It's an output that perfectly matches the input html.

There's a big difference in how the newlines are handled in the new code: the Volto code has also been refactored to follow the same algorithm, the blocks-conversion tool is based on old Volto code.

davisagli commented 1 year ago

@tiberiuichim This looks like a bug, and I'll need to check whether it is a regression because I know I have seen it working better than what you showed. Whitespace between block-level elements is supposed to be ignored.

Can you confirm which version of the blocks-conversion-tool image you used? Sometimes I've accidentally run with an old version of the image if the container was created some time ago.

As for the broader point about switching from blocks-conversion-tool to the Python implementation: What I care about is being able to use a mature, well-tested implementation. I don't know if it is better to have only one of those, or to have one each in Node and in Python. I would be open to trying the Python implementation the next time I work on a migration.

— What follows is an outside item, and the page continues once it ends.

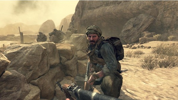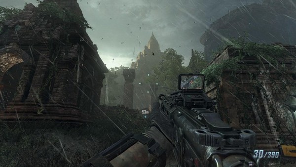 不得不说,Treyarch小组是用心良苦的。第二关,我的ALIENWARE M17x开着全特效进入游戏完全被画面给震撼了。宽广宏大的场景,有山,有水,有小溪,有瀑布,再加上广泛的色调,画面异常华丽,不失美感。从建模来说,场景建模非常到位,轮角分明,不管建筑物还是山水草地,都是有一定水准的,透视也运用的非常妥当。贴图来说的话,也是非常精确,光与影的渲染也是相当到位了。战场气氛渲染的特别棒,特别是大规模作战时的那种宏大场景能瞬间点燃你的热血。对于本作中的一些高层建筑来说,在T组强大的光辉下能将该作的破坏系统将发挥出电影《2012》那般的灾难效果。游戏还采用了3D立体视觉,让人身临其境——当然,你首先得有一台像M17x一样支持3D功能的游戏本。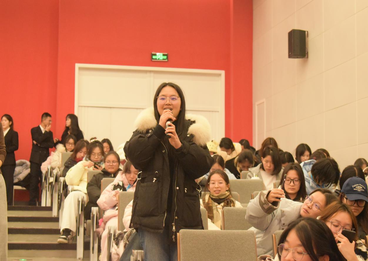 优秀学生代表张雅娴感慨道,能作为学生代表见证这一荣光时刻倍感荣幸。回望过去一年,学院全体师生凝心聚力,涌现出许多先进典型。她分享了自己入选九三阅兵民兵方阵的经历,那段追求“米秒不差”的时光让她深刻懂得,每一份荣光背后都是日复一日的坚守与全力以赴的拼搏,这份精神力量也融入了求学之路。她表示,获奖集体与个人的奋斗身影值得每个人学习,就像阅兵方阵离不开每一个人的努力,学院的成绩也凝聚着全体师生的付出。新的一年,愿大家以榜样为镜,书写更加璀璨的青春华章。

davisagli commented 1 year ago

I do think it's kind of funny that the Python guys are working on the Node implementation and the Node guy is working on the Python implementation :)

tiberiuichim commented 1 year ago

I do think it's kind of funny that the Python guys are working on the Node implementation and the Node guy is working on the Python implementation :)

I'm an accidental node guy. My history with Plone started in 2004. I like to document the little bits that I find interesting and I think would help anyone, see my blog archive. https://play.pixelblaster.ro/archive/

But now I make the Volto bug tracker my rant area and this ticket my blogging space.

tiberiuichim commented 1 year ago

Can you confirm which version of the blocks-conversion-tool image you used?

I've used yarn start and run it natively.

pbauer commented 1 year ago

Since I'm doing two migrations to Volto at the moment using the blocks-conversion-tool I give https://github.com/plone/plone.volto/pull/101 a try and compare the results. Will report back.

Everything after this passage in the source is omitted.